BCR::ABL1 – RTPCR

OVERVIEW

Standard RT-PCR is reserved for patients not harbouring a transcript variant amenable to monitoring via QRT-PCR. Sensitivity of this assay has not been specifically determined and likely varies between transcript variants.  RT-PCR is generally first initiated by the laboratory in response to a negative QRT-PCR test on a patient with demonstrated t(9;22).  Subsequent to the formal identification of the transcript variant in question, follow-up monitoring is performed by this method.  Invariably, results are reported qualitatively as either positive or negative for the presence of the transcript variant in question.

INDICATION

1. Laboratory initiated reflex test in patients with demonstrated t(9;22) positive disease (diagnosis either by FISH or karyotype) and a negative QRT-PCR test.

2. Follow-up test for monitoring of minimal residual disease (or measurable residual disease).

The following testing interval applies to follow-up testing.  Specimens received by the laboratory outside of these intervals, without prior consultation, will be discarded.

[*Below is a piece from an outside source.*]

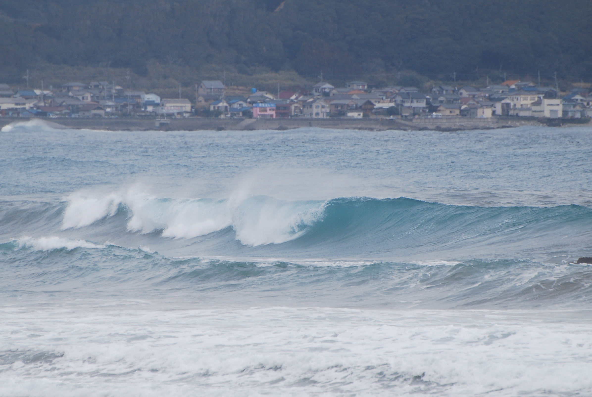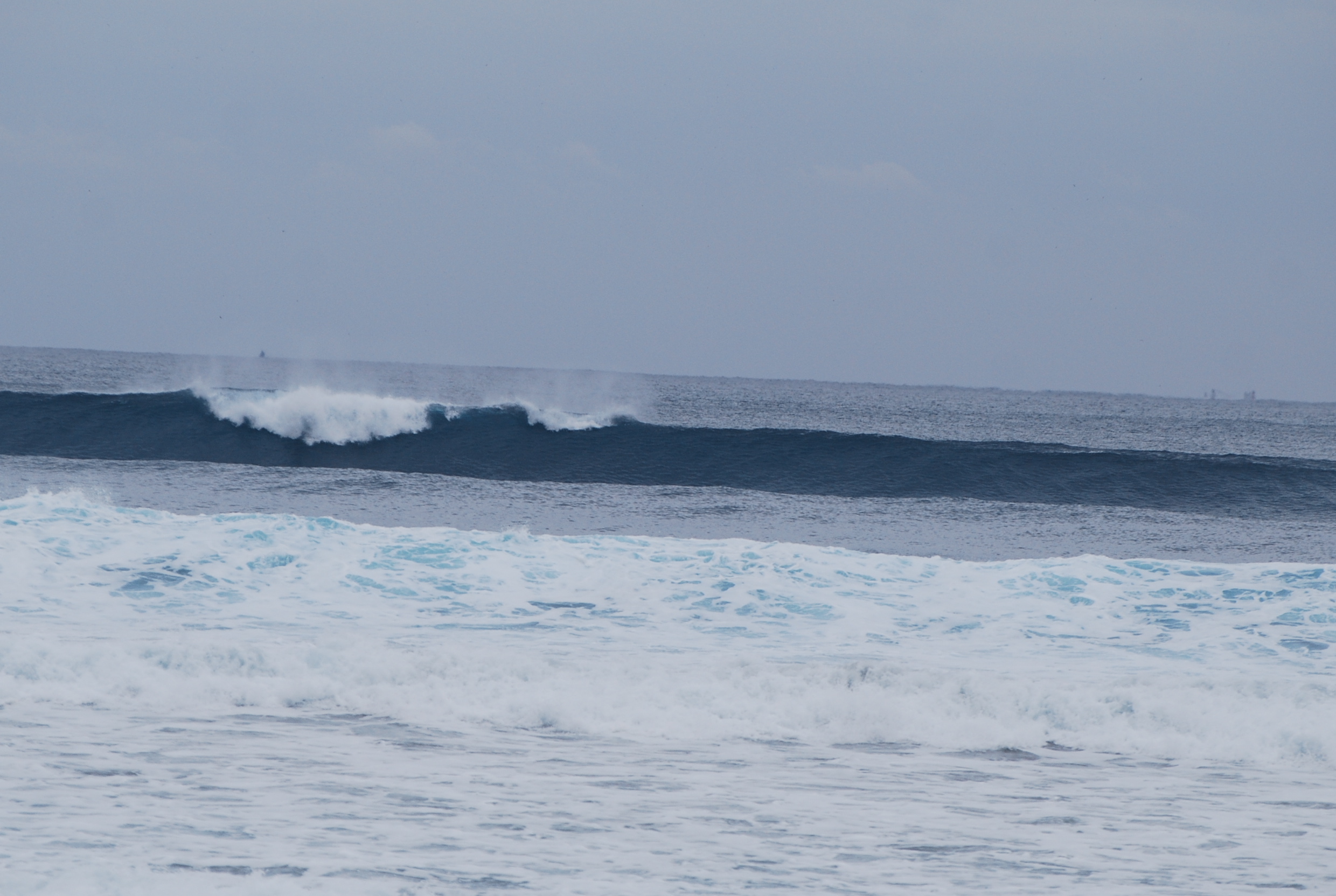 朝イチはアタマ〜アタマオーバー、ピーク厚めのスロープの長い波、セットが入ると。。。
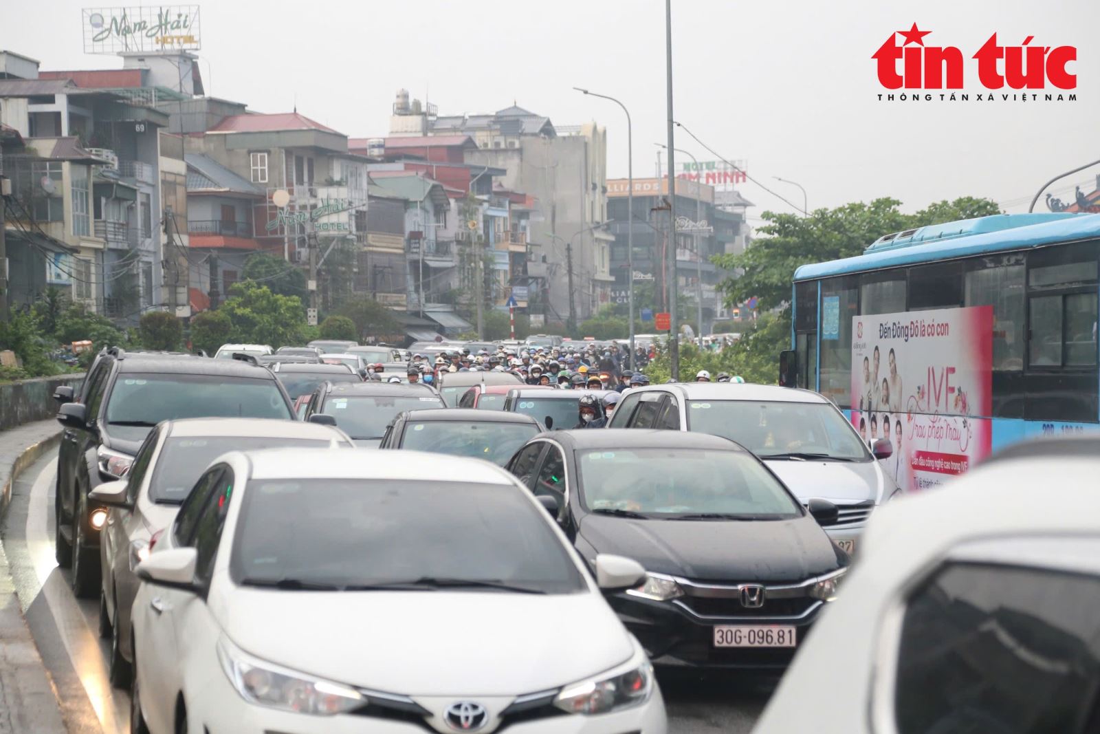 Trong giờ cao điểm, phương tiện nhích từng mét đường trên đường Long Biên - Xuân Quang, Nguyễn Văn Cừ.

  1. Patients treated with a TKI
    • Every three months, indefinitely
  2. Patients who discontinue treatment for a limited time due to planned (or unplanned) events
    • Every month, until resumption of therapy (to a maximum of one year)
    • After one year, monitoring transitions to every three months indefinitely
  3. Post-transplant patients not being treated with a TKI
    • Monitoring is at the discretion of the treating physician.
  4. For any scenario not covered above, please contact the laboratory in order to come to a mutually agreeable testing interval.

REFERRAL

Any treating physician.

TEST REQUIREMENTS

  1. Completed CGL Myeloid Testing requisition form [link]
  2. One of the following specimens (please see our Guidelines/Policies for Samples and Transport)

Preferred:

  1. 20mL Peripheral Blood in EDTA tubes (purple top)

Alternative:

  • 5mL Bone marrow aspirate in EDTA tubes (purple top) 
    • Peripheral blood derived white blood cells fixed in methanol/acetic acid (residual cytogenetic specimen)
    • Bone marrow specimen fixed in methanol/acetic acid (residual cytogenetic specimen)

Figure 1: Requisition entries for RT-PCR testing of CML patients. Note that RT-PCR is not a routinely orderable test at diagnosis.

TRANSPORT

Click here for guidelines on transporting specimens.

METHOD

Total RNA is extracted from the submitted specimen and converted to cDNA (random primed reverse transcription – RT) for subsequent PCR. Both the BCR::ABL1 and ABL1 RT-PCR products are visualized (and sized) via electrophoresis (TapeStation) and reported qualitatively (e.g. Positive, Negative, etc).

CLINICAL UTILITY

At diagnosis, RT-PCR positivity is equivalent to the identification of t(9;22) by FISH. Subsequent MRD monitoring will follow the breakpoint identified by this test.

TURN AROUND TIME

Results are reported within ten working days from receipt of specimen and completed requisition form.